- The Washington Times - Wednesday, March 14, 2012

A D.C. Superior Court judge on Wednesday ordered further psychological testing to determine whether a man who says his 91-year-old wife’s August death was the result of a “hit by the Iranian Army” is competent to stand trial on a first-degree murder charge.

According to court documents, Albrecht Muth, 47, demonstrated to medical experts that he understood court proceedings, but his “unusual beliefs about his criminal case and where he believed the focus of his defense should be” indicated that he was “currently incompetent to proceed” with a trial in the death of his wife, Viola Drath.

“He described an effort following his arrest to ‘alert the United States’ that this was occurring and that he wanted the United States ‘to release the CIA files,’ ” Patrick Canavan, chief executive officer at St. Elizabeth’s Hospital, said in a written mental evaluation. “Many of the thoughts that Mr. Muth expressed could be the result of several factors to include genuine psychosis or feigned psychological processes in order to avoid prosecution.”

On Wednesday, Mr. Muth appeared in court wearing a navy and red gym suit, a far cry from the camel-colored military-style uniform neighbors frequently saw him in when walking around the Georgetown neighborhood where he lived with his wife.

Mr. Muth did not speak during the hearing, although he acknowledged with a nod and slight bow the order that he return to court April 25 for another mental-health update.

In mid-August, Mr. Muth called police to the couple’s Georgetown row house, where Drath was found in a bathroom. Her injuries indicated strangulation, and investigators eventually traced evidence back to her much-younger husband. He was arrested days later on charges of second-degree murder, but last week he was indicted on a first-degree murder charge, which carries a maximum sentence of life in prison.

In recent months, Mr. Muth began behaving erratically, including claiming he was communicating with angels and going on a lengthy hunger strike at the D.C. Jail that led to his Feb. 15 admission to St. Elizabeth’s.

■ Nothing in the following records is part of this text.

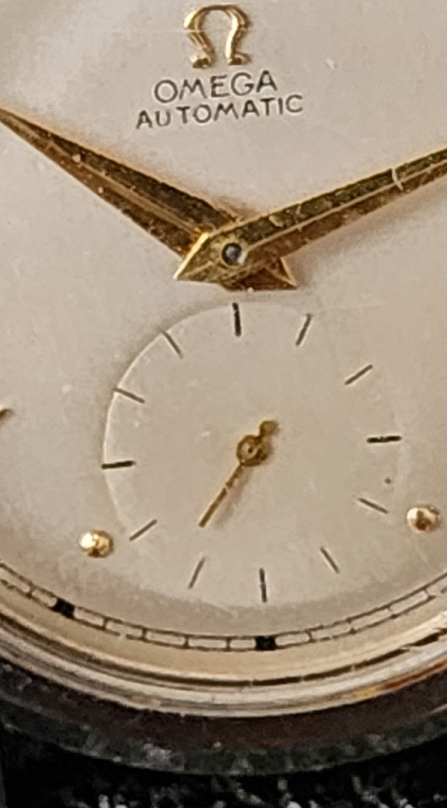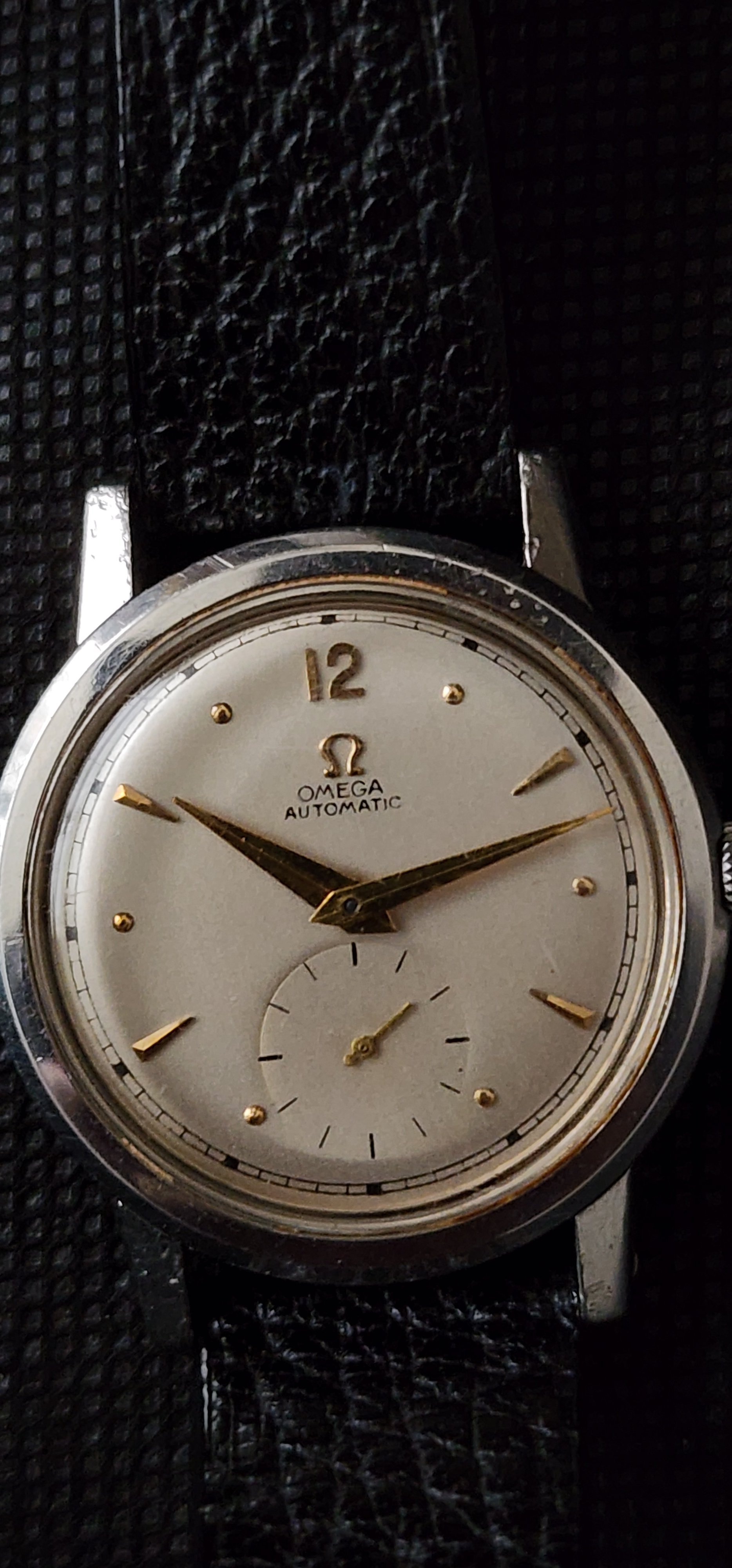 ·Hi, I hope to get some feedback, opinions about this vintage bumper Omega watch which I got from Ebay for about $320.00 (USD.) It works and winds smoothly. It keeps time relatively well. Although I think the bumper movement might be missing the springs since it seems to "bump" harshly/agressively (for lack of a better term) as compared to my other vintage bumper Omega watches. I also find the case as a bit odd (not an expert here.) in terms of the lugs. The dial seems too clean which I think was well done if it was a re-dial and I believe the hands specially the sub-dial hand are replacements. There is no Swiss on the bottom of the dial, at least nothing visible.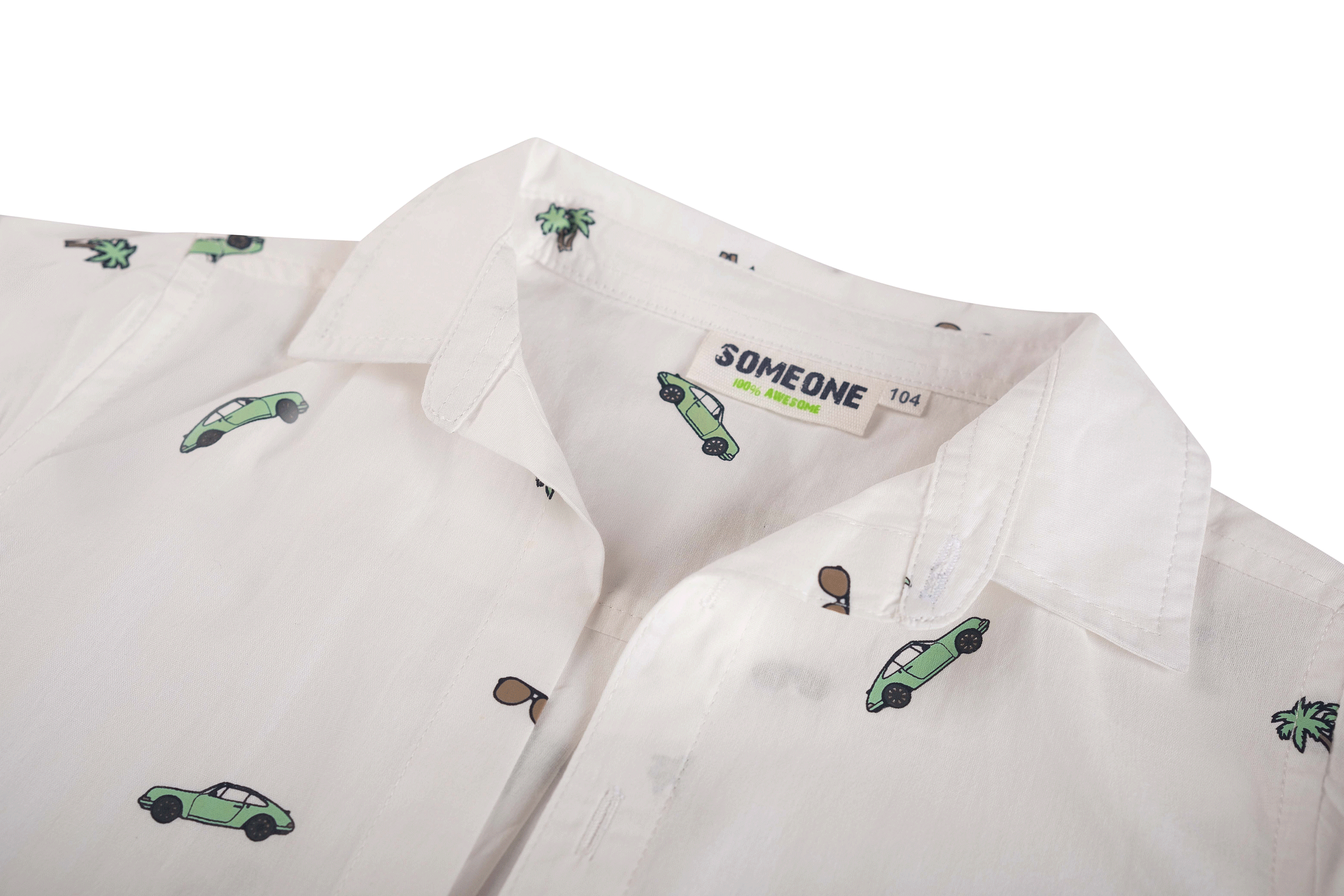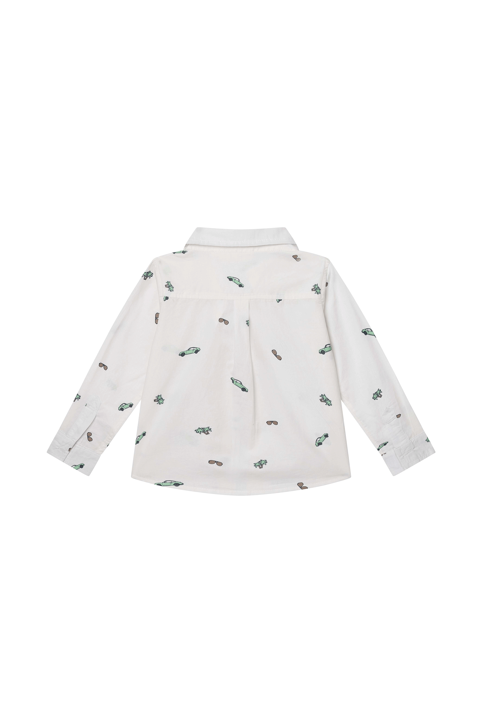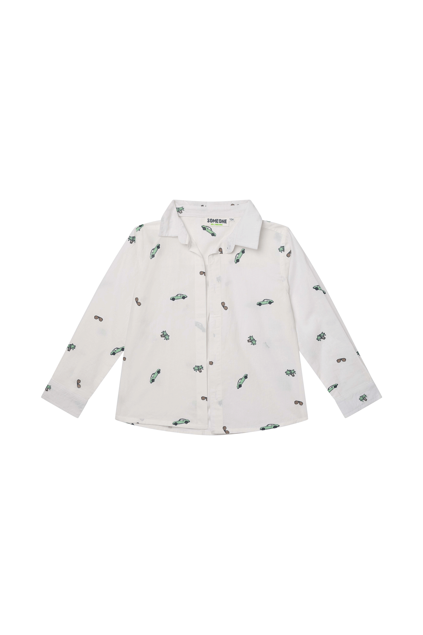 This white boys’ long-sleeved shirt features a fun all-over print with cars, sunglasses, and palm trees. Designed with a button closure and classic collar, it’s perfect for a summer day, a party, or a formal occasion with a playful touch.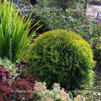 Туя западная Мириам (Mirjam) - компактный шаровидный хвойный кустарник, с яркой золотистой хвоей. Форма была получена случайной мутацией сорта "Danica". Крона плотная и образована густосидящими короткими ветвями. Хвоинки окрашены в золотисто-зеленый цвет, который приобретает на зиму характерный бронзовый оттенок. Любит только солнечные и слегка затененные места, в тени теряет свой цвет и густоту. Туя западная Мириам будет сиять, словно аккуратный золотой камушек в вашем саду. Идеально подходит для японских садов рядом с мраморными фигурками и фонариками, каменистыми композициями. Из неё получится отличный солнечный миксбордер или низкий бордюр. Хорошими компаньонами ей послужат голубые хвойные, плакучие и пурпурные лиственные формы, а также вариегатные цветущие кустарники, розовые кусты с крупными оранжевыми или жёлтыми цветками. Сорт идеален в качестве контейнерной культуры для украшения балконов, парадных зон, беседок и террас.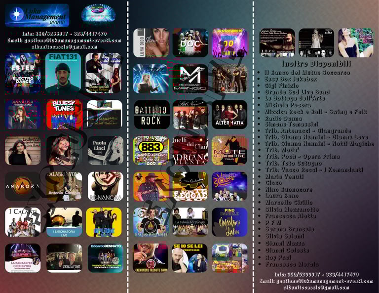 Siamo orgogliosi di presentarvi gli artisti che rappresenteremo in ESCLUSIVA per questa stagione… una selezione curata di talenti. I nostri artisti sono stati scelti per garantire: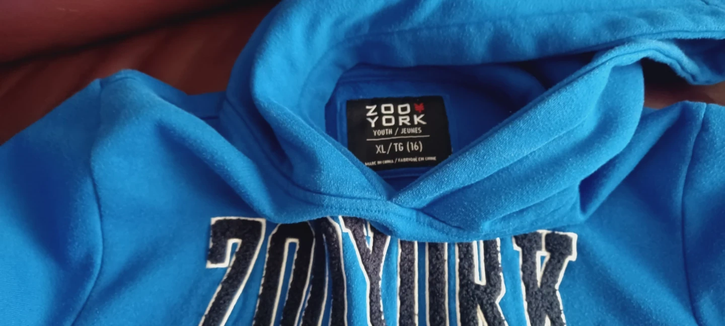 Zoo York youth hoodie, size XL (16). Comes in blue, red, and grey. It's a comfortable pullover style with a front ,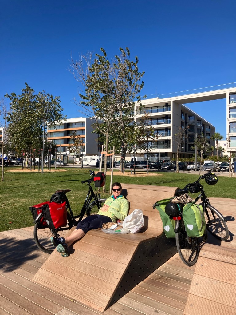We had to unload, carry the bikes and push through deep sand to reach the promenade, which led eventually to the hotel in Quarteira.

According to the 2½-page evaluation, Mr. Muth confirmed to doctors that he understood basic court proceedings such as plea options, and the positions and roles of court officials during a trial. The evaluating doctors also determined that Mr. Muth was familiar with the events of his wife’s death, but that when it came to specifics of a trial involving himself, they noted “skepticism” and “inflexibility,” and Mr. Muth expressed displeasure with his current legal counsel.

They noted a “substantial probability” that Mr. Muth will become competent for the trial, which is scheduled for Oct. 9.

During the hearing, Judge Russell F. Canan acknowledged Mr. Muth’s continued desire to represent himself, and he encouraged Mr. Muth to work with experts at the hospital.

“I’m sure you have an interest in getting this case back on track,” he said.